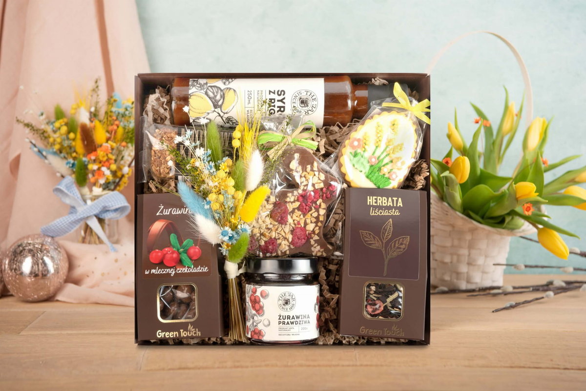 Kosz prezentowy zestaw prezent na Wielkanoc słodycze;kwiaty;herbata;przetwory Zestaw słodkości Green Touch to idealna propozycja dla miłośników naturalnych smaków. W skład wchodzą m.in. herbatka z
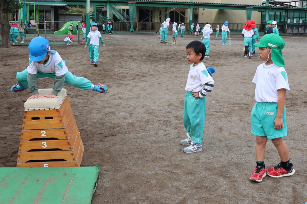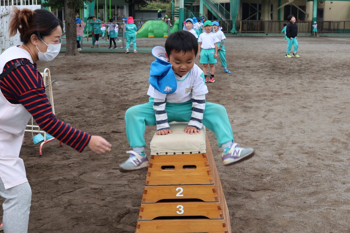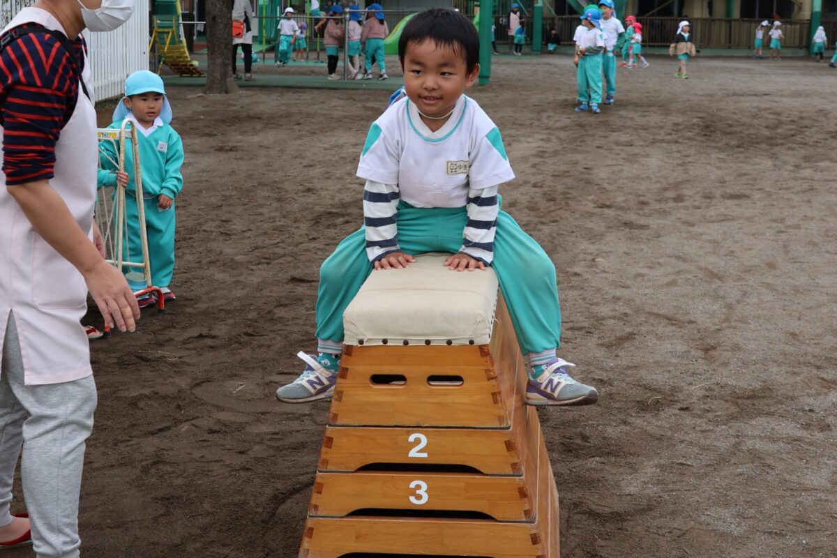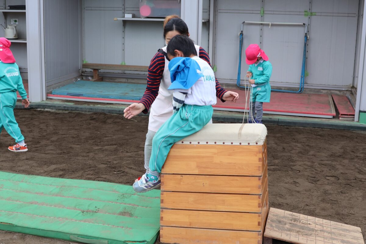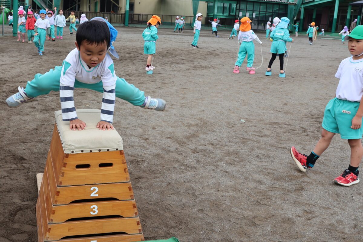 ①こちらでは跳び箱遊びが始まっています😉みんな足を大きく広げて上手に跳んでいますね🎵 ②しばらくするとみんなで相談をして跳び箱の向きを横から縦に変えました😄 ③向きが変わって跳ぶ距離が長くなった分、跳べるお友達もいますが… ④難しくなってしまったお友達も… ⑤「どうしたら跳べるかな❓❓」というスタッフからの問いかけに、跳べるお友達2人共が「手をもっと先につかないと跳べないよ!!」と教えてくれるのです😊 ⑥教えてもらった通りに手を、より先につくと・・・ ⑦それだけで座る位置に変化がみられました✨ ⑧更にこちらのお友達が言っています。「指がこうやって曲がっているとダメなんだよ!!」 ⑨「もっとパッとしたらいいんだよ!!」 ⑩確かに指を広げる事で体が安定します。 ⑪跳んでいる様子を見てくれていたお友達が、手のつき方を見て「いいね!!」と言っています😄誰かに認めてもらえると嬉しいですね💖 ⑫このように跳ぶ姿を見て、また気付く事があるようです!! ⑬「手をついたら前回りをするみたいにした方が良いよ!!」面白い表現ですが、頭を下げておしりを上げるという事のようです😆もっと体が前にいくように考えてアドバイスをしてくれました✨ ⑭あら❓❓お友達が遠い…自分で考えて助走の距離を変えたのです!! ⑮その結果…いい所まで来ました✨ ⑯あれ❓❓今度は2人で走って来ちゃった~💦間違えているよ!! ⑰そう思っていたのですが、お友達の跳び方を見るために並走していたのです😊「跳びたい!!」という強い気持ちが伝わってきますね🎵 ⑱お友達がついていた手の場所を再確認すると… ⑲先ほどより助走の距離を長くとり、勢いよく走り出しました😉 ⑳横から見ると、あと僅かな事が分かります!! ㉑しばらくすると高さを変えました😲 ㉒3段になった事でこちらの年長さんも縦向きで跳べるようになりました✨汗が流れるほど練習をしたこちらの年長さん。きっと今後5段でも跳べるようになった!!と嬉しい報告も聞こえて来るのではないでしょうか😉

────────────────────────────────────────

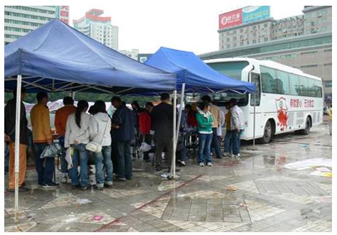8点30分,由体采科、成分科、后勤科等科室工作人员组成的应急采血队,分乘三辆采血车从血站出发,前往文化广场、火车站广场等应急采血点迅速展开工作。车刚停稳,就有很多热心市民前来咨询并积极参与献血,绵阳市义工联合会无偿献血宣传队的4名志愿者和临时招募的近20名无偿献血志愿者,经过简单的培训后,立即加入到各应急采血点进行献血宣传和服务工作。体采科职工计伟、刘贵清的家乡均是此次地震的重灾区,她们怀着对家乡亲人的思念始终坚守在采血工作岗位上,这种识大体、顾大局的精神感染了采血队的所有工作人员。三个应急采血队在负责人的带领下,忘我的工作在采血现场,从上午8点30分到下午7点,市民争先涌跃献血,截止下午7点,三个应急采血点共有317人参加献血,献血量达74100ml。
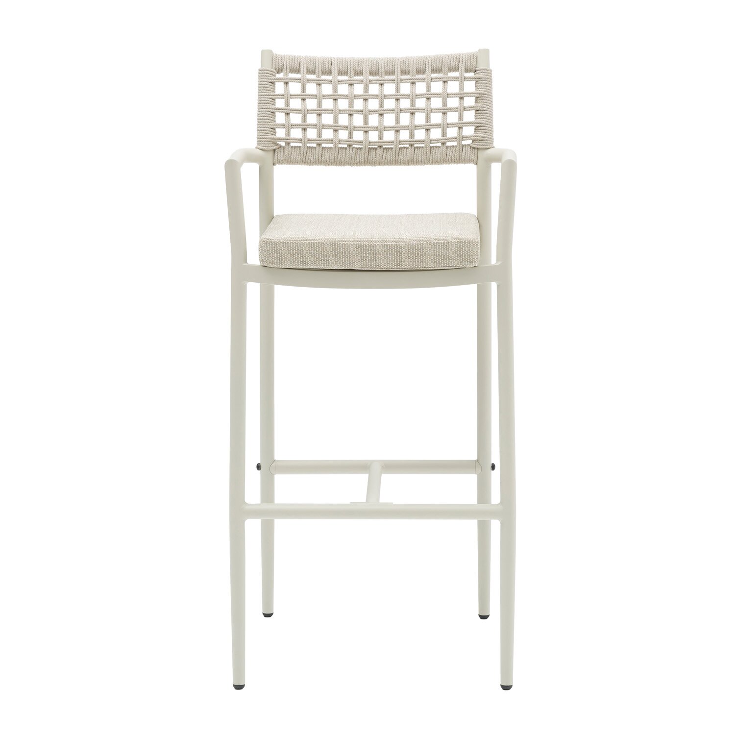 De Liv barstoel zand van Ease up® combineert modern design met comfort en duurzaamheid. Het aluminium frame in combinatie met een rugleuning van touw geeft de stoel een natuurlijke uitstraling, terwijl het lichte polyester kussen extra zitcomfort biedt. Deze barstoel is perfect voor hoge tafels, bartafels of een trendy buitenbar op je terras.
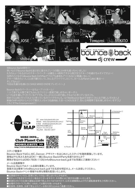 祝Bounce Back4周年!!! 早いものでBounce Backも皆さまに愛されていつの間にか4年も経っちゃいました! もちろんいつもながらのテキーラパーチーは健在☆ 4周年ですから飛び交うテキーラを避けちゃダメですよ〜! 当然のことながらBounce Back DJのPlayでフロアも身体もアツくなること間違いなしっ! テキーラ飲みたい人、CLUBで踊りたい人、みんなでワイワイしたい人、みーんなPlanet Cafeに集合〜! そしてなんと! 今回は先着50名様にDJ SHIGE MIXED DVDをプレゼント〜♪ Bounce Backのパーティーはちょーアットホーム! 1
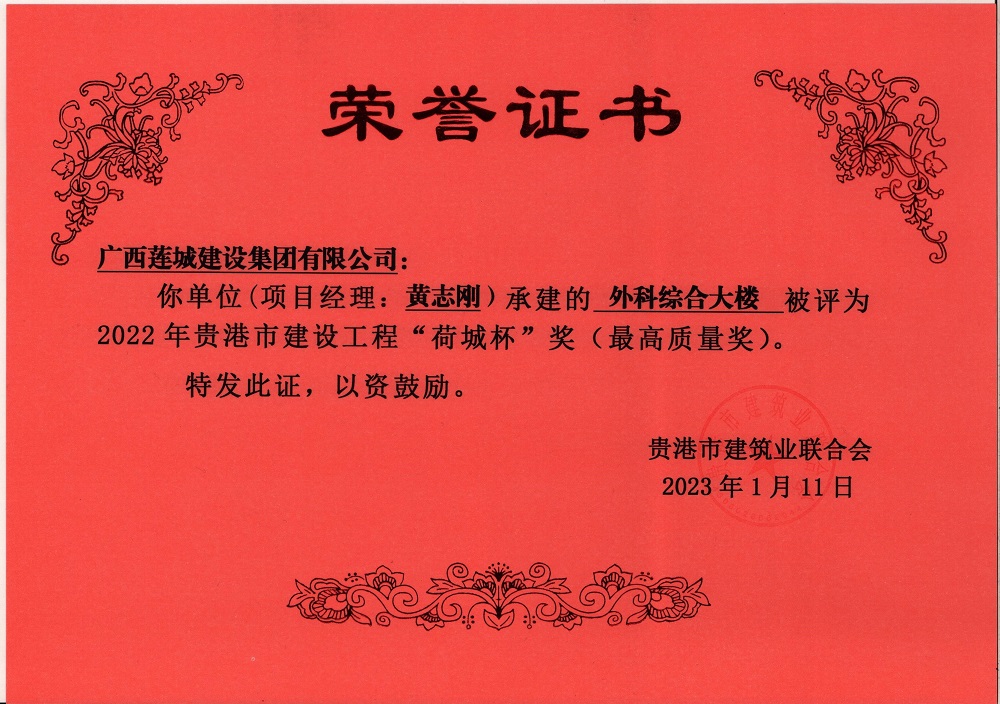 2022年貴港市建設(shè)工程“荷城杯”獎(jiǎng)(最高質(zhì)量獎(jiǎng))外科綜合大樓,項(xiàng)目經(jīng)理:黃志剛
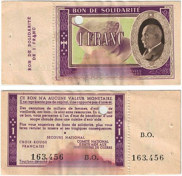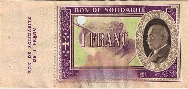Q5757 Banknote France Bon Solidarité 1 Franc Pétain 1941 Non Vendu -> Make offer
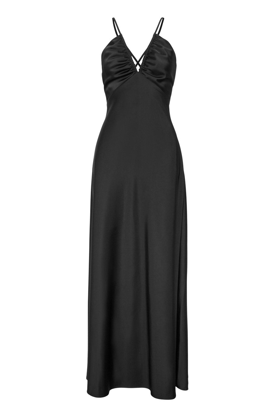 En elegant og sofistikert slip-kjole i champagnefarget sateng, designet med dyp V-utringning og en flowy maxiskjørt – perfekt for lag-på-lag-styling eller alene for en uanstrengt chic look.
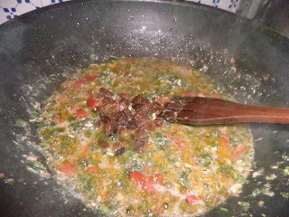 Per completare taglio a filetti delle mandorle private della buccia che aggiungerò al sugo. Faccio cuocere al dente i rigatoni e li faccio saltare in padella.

────────────────────────────────────────

— Task to complete —
Only one part of the material above is wanted: the lines from the one with "祝Bounce Back4周年!!! 早いものでBounce" up to and including the one with "Per completare taglio". Please copy them exactly, pictures left out.

— Reply to the task —
 祝Bounce Back4周年!!! 早いものでBounce Backも皆さまに愛されていつの間にか4年も経っちゃいました! もちろんいつもながらのテキーラパーチーは健在☆ 4周年ですから飛び交うテキーラを避けちゃダメですよ〜! 当然のことながらBounce Back DJのPlayでフロアも身体もアツくなること間違いなしっ! テキーラ飲みたい人、CLUBで踊りたい人、みんなでワイワイしたい人、みーんなPlanet Cafeに集合〜! そしてなんと! 今回は先着50名様にDJ SHIGE MIXED DVDをプレゼント〜♪ Bounce Backのパーティーはちょーアットホーム! 1
 2022年貴港市建設(shè)工程“荷城杯”獎(jiǎng)(最高質(zhì)量獎(jiǎng))外科綜合大樓,項(xiàng)目經(jīng)理:黃志剛
Q5757 Banknote France Bon Solidarité 1 Franc Pétain 1941 Non Vendu -> Make offer
 En elegant og sofistikert slip-kjole i champagnefarget sateng, designet med dyp V-utringning og en flowy maxiskjørt – perfekt for lag-på-lag-styling eller alene for en uanstrengt chic look.
 Per completare taglio a filetti delle mandorle private della buccia che aggiungerò al sugo. Faccio cuocere al dente i rigatoni e li faccio saltare in padella.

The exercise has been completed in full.